While saying its investigation is still ongoing, the company confirmed that records of over 40 million “former or prospective customers” who had previously applied for credit and 7.8 million postpaid customers (those who currently have a contract) were stolen. In its last earnings report (PDF), T-Mobile said it had over 104 million customers.
The data in the stolen files contained critical personal information included first and last names, dates of birth, Social Security numbers, and driver’s license / ID numbers — the kind of information you could use to set up an account in someone else’s name or hijack an existing one. It apparently did not include “phone numbers, account numbers, PINs or passwords.”

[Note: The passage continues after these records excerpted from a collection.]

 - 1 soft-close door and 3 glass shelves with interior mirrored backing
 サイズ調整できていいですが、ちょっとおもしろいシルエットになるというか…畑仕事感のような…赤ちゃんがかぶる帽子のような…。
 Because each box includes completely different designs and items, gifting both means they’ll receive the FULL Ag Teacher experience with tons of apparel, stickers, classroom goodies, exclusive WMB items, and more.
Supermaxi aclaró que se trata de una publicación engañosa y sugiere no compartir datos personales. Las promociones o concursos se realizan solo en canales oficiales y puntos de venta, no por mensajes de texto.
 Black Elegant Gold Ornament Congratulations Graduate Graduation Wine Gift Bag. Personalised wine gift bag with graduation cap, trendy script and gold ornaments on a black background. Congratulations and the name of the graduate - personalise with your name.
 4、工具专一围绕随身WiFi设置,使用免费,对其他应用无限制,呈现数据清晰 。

That isn’t the end of it, either, as over 850,000 prepaid T-Mobile customers were also victims of the breach, and for them, the exposed data includes “names, phone numbers, and account PINs.” Affected customers have already had their PINs reset and will receive a notification “right away.” There was also unspecified information accessed for inactive prepaid accounts. However, T-Mobile says, “No customer financial information, credit card information, debit or other payment information or SSN was in this inactive file.”

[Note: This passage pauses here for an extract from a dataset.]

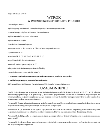 Sygn. akt III Ca 460/16 WYROK W IMIENIU RZECZYPOSPOLITEJ POLSKIEJ Dnia 14 lipca 2016 r. Sąd Okręgowy w Gliwicach III Wydział Cywilny Odwoławczy w składzie: Przewodniczący - Sędzia SO Danuta Pacześniowska Sędzia SO Arkadia Wyraz - Wieczorek Sędzia SO Anna Hajda Protokolant Justyna Chojecka po rozpoznaniu 14 lipca 2016 r. w Gliwicach na rozprawie sprawy z powództwa H. B. przeciwko M. Z. (1), M. Z. (2), M. K., M. Z. (3) o opróżnienie lokalu mieszkalnego na skutek apelacji pozwanej M. Z. (1) od wyroku Sądu Rejonowego w Rudzie Śląskiej z 3 grudnia 2015 r., sygn. akt I C 1690/15 1. odrzuca apelację na rozstrzygnięcie zawarte w punkcie 3 wyroku; 2. oddala apelację w pozostałym zakresie. SSO Anna Hajda SSO Danuta Pacześniowska SSO Arkadia Wyraz - Wieczorek UZASADNIENIE Powód H. B. domagał się orzeczenia przez Sąd eksmisji pozwanych: M. Z. (1), M. Z. (3), M. Z. (2) i M. K. z lokalu mieszkalnego położonego w R. przy ulicy (...) i wydania go powodowi. Wniósł też o orzeczenie, że pozwanym nie przysługuje lokal socjalny i zasądzenie na jego rzecz od pozwanych kosztów postępowania w tym kosztów zastępstwa procesowego według norm przepisanych. Pozwana M. Z. (1) w odpowiedzi na pozew wniosła o oddalenie powództwa w całości oraz o zasądzenie kosztów procesu w tym kosztów zastępstwa procesowego według norm przepisanych. Pozwany M. Z. (3) podniósł, że nie zgadza się z pozwem. Wskazał, że nie mieszka od połowy października 2015 roku w spornym mieszkaniu i że zabrał już część swoich rzeczy. Nie wie czy zamierza wrócić do spornego lokalu. Pozwana M. Z. (2) podała, że wyprowadziła się ze spornego lokalu w dniu 1 listopada 2015 roku i nie zamierza do niego wrócić. Pozwana M. K. nie stawiła się na termin rozprawy, nie żądała przeprowadzenia rozprawy pod swoją nieobecność ani nie złożyła w sprawie wyjaśnień. Wyrokiem z dnia 3 grudnia 2015 roku sąd Rejonowy w Rudzie Śląskiej w punkcie pierwszym nakazał pozwanym M. Z. (3), M. Z. (1) i M. K. opróżnienie i opuszczenie lokalu mieszkalnego położonego w R. przy ulicy (...) i wydanie go powodowi H. B. w stanie wolnym od osób i rzeczy. Rozstrzygnięciem zawartym w punkcie drugim ustalił Sąd Rejonowy, iż pozwanym nie przysługuje uprawnienie do otrzymania lokalu socjalnego od Gminy R.. W punkcie trzecim wyroku powództwo w stosunku do pozwanej M. Z. (2) zostało oddalone. W punkcie czwartym zasądzono solidarnie od pozwanych M. Z. (3), M. Z. (1) i M. K. na rzecz powoda kwotę 337 złotych tytułem zwrotu kosztów procesu. Podstawą tej treści rozstrzygnięcia były następujące ustalenia faktyczne poczynione przez Sąd Rejonowy. Lokal mieszkalny położony w R. przy ulicy (...) stanowi własność powoda. W dniu 29 maja 2014 roku powód zwarł z pozwaną M. Z. (1) umowę najmu w/w lokalu na czas nieokreślony. Do zamieszkania z najemcą uprawnieni byli pozostali pozwani. Najemca zobowiązany był użytkować lokal z dbałością o jego stan sanitarny i techniczny. Ponadto najemca zobowiązał się płacić wynajmującemu miesięczny czynsz w kwocie 1.000 zł w terminie do dnia 15 każdego miesiąca z góry. Brak wpłaty za najem mieszkania miał skutkować rozwiązaniem umowy najmu (§ 6 umowy). Strony ustaliły, że zaleganie przez najemcę z zapłatą czynszu za dwa kolejne okresy płatności lub używanie przedmiotu najmu w sposób sprzeczny z umową lub przeznaczeniem będzie podstawą do wypowiedzenia umowy w trybie natychmiastowym, bez zachowania terminu wypowiedzenia (§ 8 umowy). Poza tym najemca zobowiązał się do pokrycia kosztów eksploatacji mieszkania w tym m.in. opłat za wywóz śmieci oraz połowy opłat za wodę. Stan techniczny budynku był znany pozwanym przed podpisaniem umowy. Od lipca do połowy sierpnia pozwani byli jedynymi osobami zamieszkującymi budynek. Pozwani niewłaściwie korzystali z urządzeń sanitarnych tj. wrzucali do kanalizacji włókniste chusteczki, tampony higieniczne oraz patyczki do uszu, powodując parokrotne zapchanie kanalizacji. Na skutek zapchania kanalizacji doszło do zalania piwnicy oraz znajdujących się w niej rzeczy fekaliami. W zimie 2014 roku w piwnicy, w której znajdował się piec ogrzewający budynek zalegało kilkanaście centymetrów nieczystości. Pozwani zgłosili awarię powodowi. Powód dokonał naprawy we własnym zakresie oraz za pomocą firmy, zajmującej się udrażnianiem kanalizacji. Po drugiej próbie udrażniania powód zwrócił się do pozwanej o należyte użytkowanie kanalizacji. Pismem z dnia 4 października 2014 roku powód wysłał do pozwanej upomnienie w związku z niewywiązywaniem się najemcy z obowiązków umowy i powtarzającym się działaniem na szkodę wynajmującego.Powód zobowiązał się ustnie, że udostępni pozwanym piwnicę, jednakże dostęp ten był ograniczony przez pozostawione tam przez powoda rzeczy oraz – w późniejszym okresie - zalegające fekalia. W okresie grzewczym, aby palić w piecu pozwany M. Z. (3) musiał schodzić do piwnicy w kaloszach i szaliku, zawiązanym na twarzy. Pozwana zalegała z zapłatą za czynsz i wodę oraz wywóz nieczystości. Zaległości zaczęły narastać we wrześniu 2014 roku. Pismami z dnia 2 października 2014 roku, 24 października 2014 roku oraz 10 grudnia 2014 roku powód wzywał pozwanych do zapłaty oraz poinformował, że brak spłaty spowoduje rozwiązanie umowy najmu i skierowanie sprawy na drogę postępowania sądowego.Pismem z dnia 3 listopada 2014 roku pozwana powiadomiła Stację SanitarnoEpidemiologiczną w R., że powód trzyma śmieci w piwnicy oraz, że na początku września 2014 roku piwnica została zalana fekaliami. Pozwana wskazywała, że w piwnicy stoi cuchnąca woda a nieprzyjemny zapach unosi się na cały budynek wskutek czego doszło do wylęgu robactwa.Pismem z dnia 29 stycznia 2015 roku powód wypowiedział pozwanej M. Z. (1) umowę najmu w związku z zaległościami w spłacie czynszu, zgodnie z treśc

The notice includes boilerplate language that “We take our customers’ protection very seriously,” but it rings especially hollow from T-Mobile considering that this is at least the fourth data breach exposed in the last few years, including one in January. According to the company’s statement, its investigation began based on a report of someone claiming in an online forum that they had compromised T-Mobile’s servers.
A Twitter account advertising stolen data for sale claimed the attack affected all 100 million customers and included IMEI / IMSI data for 36 million customers that could uniquely identify specific devices or SIM cards, but T-Mobile’s announcement does not confirm that is the case.
T-Mobile says it will publish a dedicated website with information for customers later today. It’s offering two years of free identity protection services from McAfee, recommends postpaid customers change their PIN, and mentions its Account Takeover Protection capabilities to prevent SIM-swapping attacks.